Corpo, Terra e Libertação: Sara como chave teológica para uma leitura do Êxodo

Por Seny Giannini*

O presente texto analisa a narrativa de Gn 12,10-20 como uma configuração narrativa de antecipação do Êxodo, isto é, uma forma que antecipa, em nível narrativo, elementos estruturantes posteriormente consolidados na tradição exodal. A partir de uma abordagem que articula a crítica histórico-redacional, a análise narrativa e a hermenêutica feminista latino-americana contemporânea em diálogo com a ecologia integral, conforme desenvolvida no magistério recente da Igreja, especialmente na Laudato Si’, argumenta-se que a figura de Sara constitui um lugar hermenêutico central para a compreensão da dinâmica da opressão e da intervenção divina. Sustenta-se que sua experiência, marcada pelo silenciamento e pela objetificação, condensa em nível individual aquilo que o Êxodo desenvolverá em dimensão coletiva. Ao mesmo tempo, a intervenção divina por meio das pragas revela, ainda que em forma narrativa e simbólica, uma desordem da criação decorrente da injustiça, evidenciando a inseparabilidade entre corpo feminino, corpo social e corpo da terra. Conclui-se que o Êxodo, enquanto categoria teológica estruturante, exige uma releitura que integre justiça social, equidade de gênero e cuidado com a criação.
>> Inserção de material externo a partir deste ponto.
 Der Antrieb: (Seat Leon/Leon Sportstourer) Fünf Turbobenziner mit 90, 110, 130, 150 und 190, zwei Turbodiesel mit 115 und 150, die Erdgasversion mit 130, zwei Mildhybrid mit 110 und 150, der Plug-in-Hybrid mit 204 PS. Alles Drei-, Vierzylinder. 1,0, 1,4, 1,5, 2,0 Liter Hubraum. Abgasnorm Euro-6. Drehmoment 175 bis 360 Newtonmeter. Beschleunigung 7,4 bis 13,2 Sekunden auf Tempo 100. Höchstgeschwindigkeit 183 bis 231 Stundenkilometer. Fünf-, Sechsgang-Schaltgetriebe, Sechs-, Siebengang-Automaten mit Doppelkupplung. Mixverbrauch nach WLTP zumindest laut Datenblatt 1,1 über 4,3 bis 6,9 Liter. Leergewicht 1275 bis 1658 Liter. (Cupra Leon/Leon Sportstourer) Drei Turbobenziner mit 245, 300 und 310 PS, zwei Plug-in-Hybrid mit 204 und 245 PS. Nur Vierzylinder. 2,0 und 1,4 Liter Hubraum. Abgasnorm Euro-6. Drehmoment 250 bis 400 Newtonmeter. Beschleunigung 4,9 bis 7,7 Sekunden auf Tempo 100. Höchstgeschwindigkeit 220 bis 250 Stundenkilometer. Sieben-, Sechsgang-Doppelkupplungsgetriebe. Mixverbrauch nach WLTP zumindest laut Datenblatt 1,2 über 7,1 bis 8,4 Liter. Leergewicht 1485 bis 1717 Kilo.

A experiência do Êxodo constitui o núcleo hermenêutico fundamental da fé de Israel, não apenas como evento fundador, mas como categoria teológica estruturante, capaz de reorganizar a memória e reorientar a leitura das tradições no interior da economia da salvação. Desse modo, o Êxodo ultrapassa sua localização histórica e passa a operar como princípio interpretativo, a partir do qual o passado é relido à luz da ação histórica e libertadora de Deus.

É nesse horizonte que se insere a presente análise. Ela articula a crítica histórico-redacional, a análise narrativa e a hermenêutica feminista latino-americana contemporânea, em consonância com abordagens que aprofundam a compreensão da dignidade humana à luz da tradição cristã, em diálogo com a perspectiva da ecologia integral, conforme desenvolvida no magistério recente da Igreja, especialmente na Laudato Si’. Adota-se, portanto, uma abordagem qualitativa de caráter bibliográfico e analítico-interpretativo. Tal perspectiva permite compreender o processo de formação do texto e, simultaneamente, identificar relações de poder, mecanismos de silenciamento e dinâmicas de resistência que atravessam o relato.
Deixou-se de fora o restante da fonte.